Las satisfacciones, las alegrías, las penas, todas contribuyen a crecer como personas.

Recibamos al año que comienza con apertura, no olvidemos que mágicamente, cada día nos brinda una nueva oportunidad para volver a empezar. Para volver a creer. Para volver a confiar.

Agradezcamos lo que tenemos, que seguramente alcanza mucho más de lo que pensamos para ser felices.
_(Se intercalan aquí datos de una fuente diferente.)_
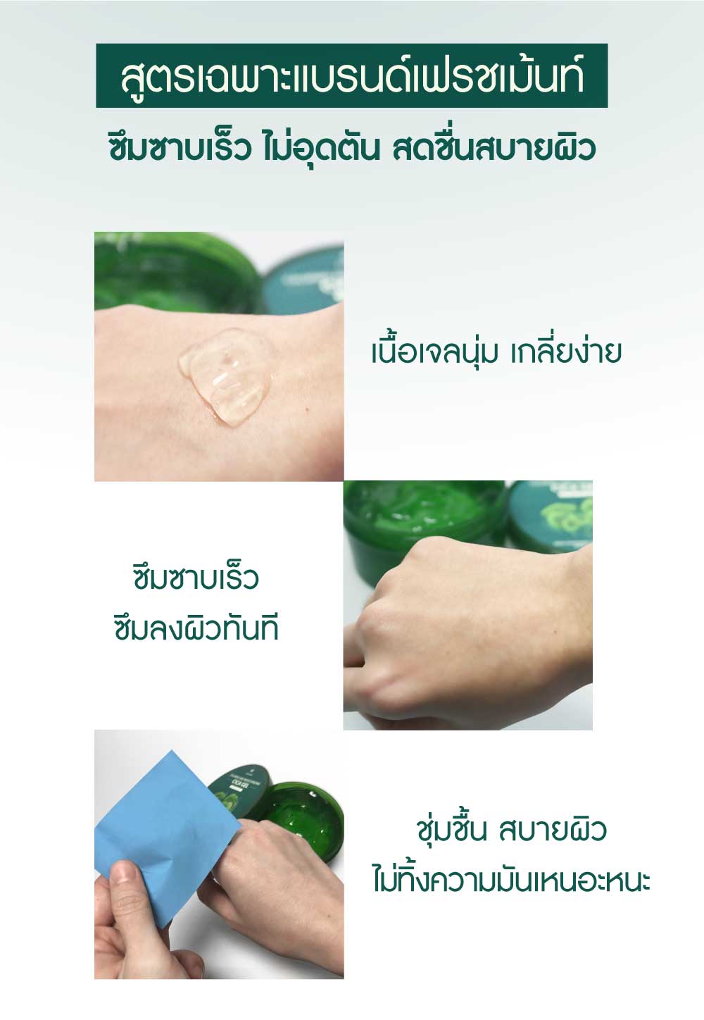 • สูตรซึมไว เบาสบาย ไม่เหนอะผิว ใช้ได้ทุกสภาพผิวแม้ผิวมันเป็นสิวง่าย
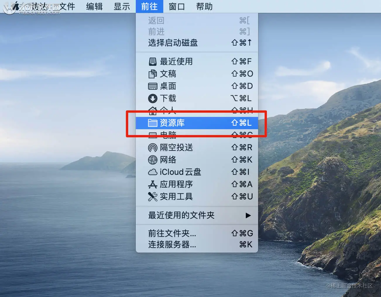 在桌面上按住键前上的option键点击 前往 > 资源库
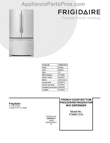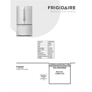 Parts for Frigidaire FDBN2750SS4: 01 - Cover Sheet Parts

Los mayores tesoros, no son materiales.

Aunque difícil, no vivamos pensando en lo que podremos o "debemos" hacer, no planeemos tanto, desafiemos la ruptura de la estructura constante.

Muchas veces la espontaneidad es salud.

La improvisación supone un plus de disfrute inesperado, y las expectativas se retiran vencidas ante los maravillosos frutos que surgen del "aquí y ahora".

Soltemos las tristezas del pasado, que ya no pueden modificarse y sólo acarrean angustias.

Dejemos al futuro tranquilo, que no tenemos la bola de cristal para predecir el tiempo y actuar en base a eso.


Después de todo, el presente será siempre el único tiempo en el que podremos operar.

Sólo tenemos el HOY, y mi deseo es que lo disfruten siempre, lo mejor que puedan.

Feliz año nuevo para todos, bienvenido 2018. ¡Salud!